Retype the lines below exactly, but only those from the line that has "Вихід вниз із" through the line that has "Serie chiavi maschio". Omit every picture.

> _Source data_:
============================================================

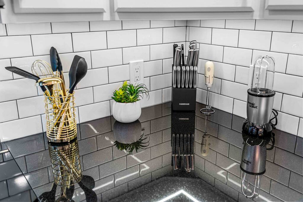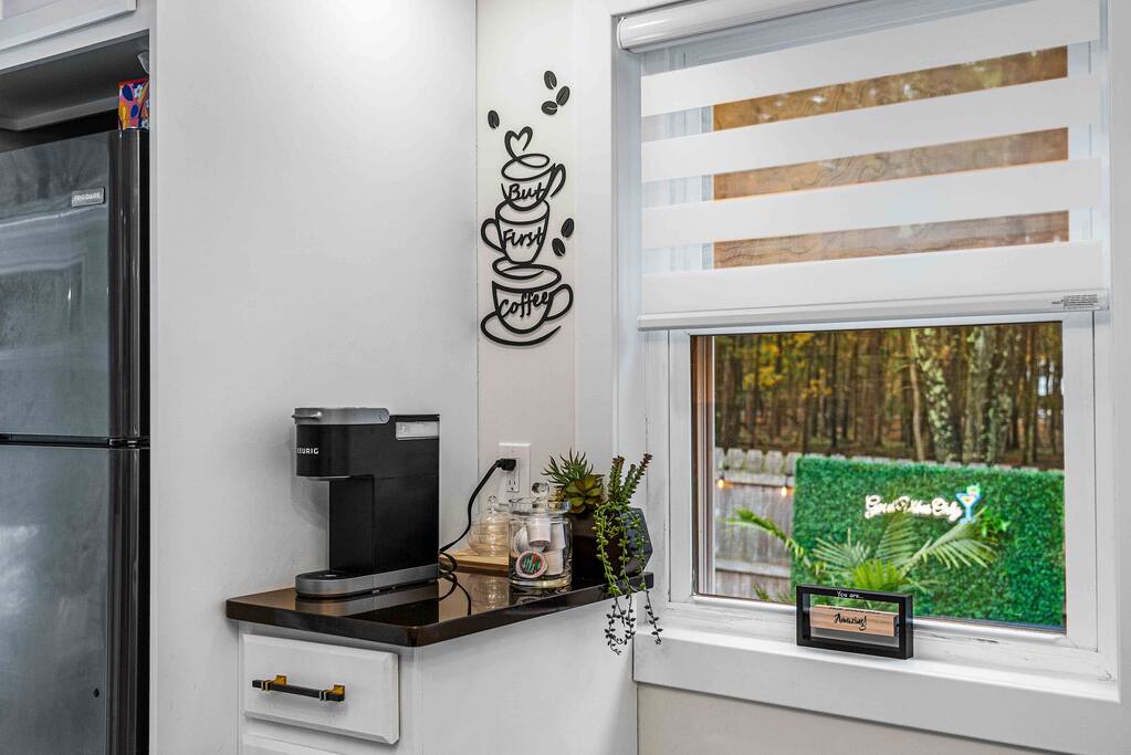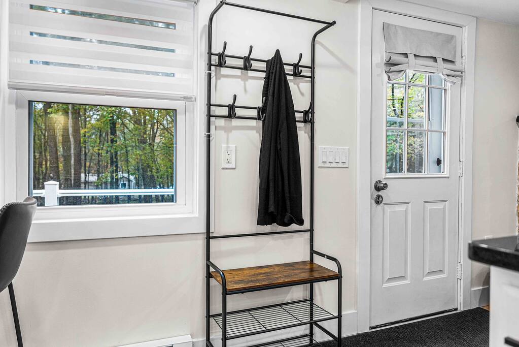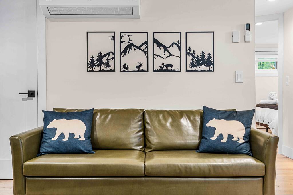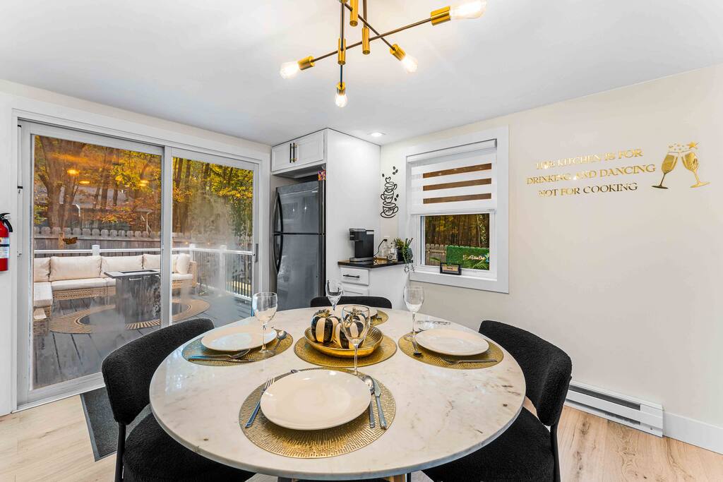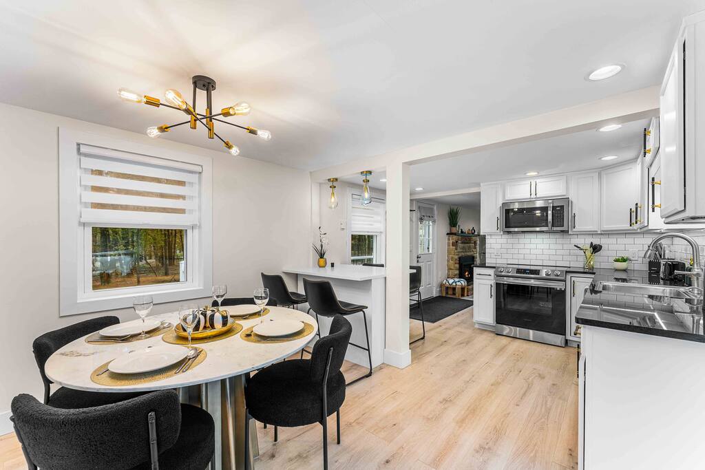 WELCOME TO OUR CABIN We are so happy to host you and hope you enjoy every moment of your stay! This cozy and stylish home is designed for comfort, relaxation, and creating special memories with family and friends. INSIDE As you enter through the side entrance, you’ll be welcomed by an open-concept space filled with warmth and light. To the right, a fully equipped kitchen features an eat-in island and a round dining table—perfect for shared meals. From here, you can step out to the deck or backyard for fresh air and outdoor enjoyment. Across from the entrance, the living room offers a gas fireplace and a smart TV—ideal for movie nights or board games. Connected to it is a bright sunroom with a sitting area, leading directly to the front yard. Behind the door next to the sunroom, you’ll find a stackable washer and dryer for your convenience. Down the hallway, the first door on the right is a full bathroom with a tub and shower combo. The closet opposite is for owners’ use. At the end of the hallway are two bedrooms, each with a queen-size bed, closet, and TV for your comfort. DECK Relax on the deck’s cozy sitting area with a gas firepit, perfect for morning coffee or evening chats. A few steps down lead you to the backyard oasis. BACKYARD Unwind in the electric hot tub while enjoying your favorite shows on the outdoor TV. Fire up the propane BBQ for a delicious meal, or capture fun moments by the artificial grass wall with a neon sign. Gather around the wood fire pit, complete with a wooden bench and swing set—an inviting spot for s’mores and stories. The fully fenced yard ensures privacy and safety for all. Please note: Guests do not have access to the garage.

============================================================

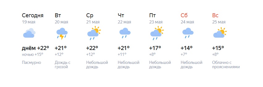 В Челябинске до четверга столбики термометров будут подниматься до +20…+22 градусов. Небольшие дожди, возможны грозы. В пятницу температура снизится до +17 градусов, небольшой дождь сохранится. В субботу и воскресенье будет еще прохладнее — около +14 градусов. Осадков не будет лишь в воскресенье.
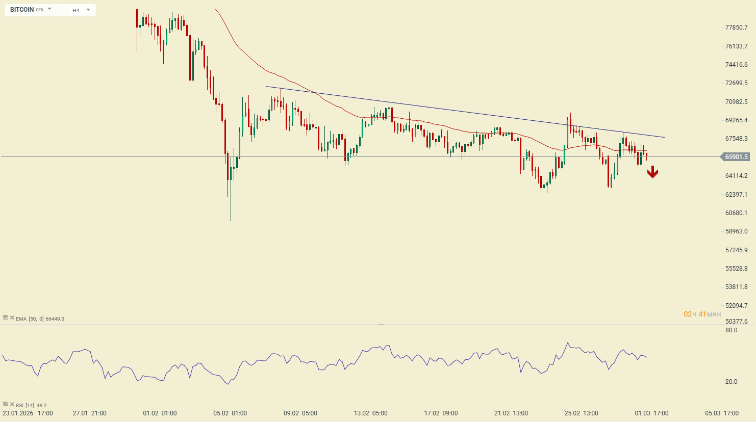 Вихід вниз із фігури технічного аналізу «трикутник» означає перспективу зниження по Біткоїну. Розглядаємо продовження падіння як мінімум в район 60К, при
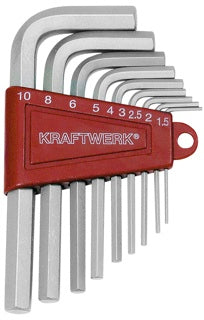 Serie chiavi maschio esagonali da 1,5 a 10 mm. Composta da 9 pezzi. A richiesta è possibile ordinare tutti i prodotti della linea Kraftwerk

============================================================

> _Exercise result_:
 Вихід вниз із фігури технічного аналізу «трикутник» означає перспективу зниження по Біткоїну. Розглядаємо продовження падіння як мінімум в район 60К, при
 Serie chiavi maschio esagonali da 1,5 a 10 mm. Composta da 9 pezzi. A richiesta è possibile ordinare tutti i prodotti della linea Kraftwerk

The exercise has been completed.